How to iterate using Data API without having to reload dataset

tcwalther · January 13, 2020, 1:02pm

I’m trying to understand how to best work with fast.ai’s data API. In my understanding, the purpose of subclassing ItemBase is so that one can, for example, implement a plotting method for said item in that subclass. Similarly, subclassing ItemList allows implementing show_xys() and show_xyzs(). That’s very handy when using functions such as data.show_batch().

Unfortunately, that also means that I always have to recreate my dataset when I iterate on these methods. It would be much more convenient to have my data in one place, and my plotting functions in a separate class. Then I could substitute my plotting functions without having to reload my data.
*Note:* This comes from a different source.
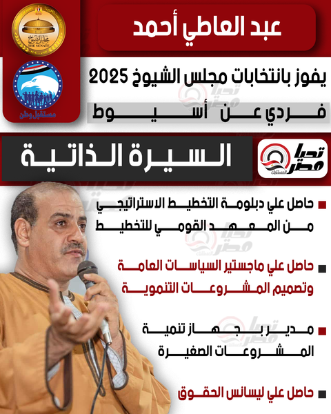 تحيا مصر ينشر السيرة الذاتية للنائب عبد العاطي أحمد عضو مجلس الشيوخ 2025 بالنظام الفردي عن أسيوط

I vaguely remember that Jemery said that fast.ai v2 would make use a lot more of delegation. I guess this would be one such case, where I could simply substitute the delegate of a plotting function, for example.

Is my understanding of the limitation of the v1 API correct, or does it sound like I’m using it wrongly? If I have correctly described a limitation of the v1 data API, is this indeed something that you are trying to address in v2?

Edit: I have worked around this limitation with the following coding style:

class MyItemBase(ItemBase):
    #...
    def plot(self, *args, **kwargs): return _plot(self.data, *args, **kwargs)
        
def _plot(data): 
    # ...
    plt.show()

That way, I can just reexecute the cell, which will redefine _plot, and it gets picked up by my existing MyItemBase instances. Same for show_xys etc… I do wonder though whether there is a more elegant way.

sgugger · January 13, 2020, 2:37pm

You are correct on all counts. With the dispatach system in v2, you end up implementing a version of show_batch or show_results for your new type, which doesn’t require you to recreate your dataset at each new iteration (if it returns batches of that new type).

tcwalther · January 14, 2020, 5:04pm

Thank you very much for clarifying.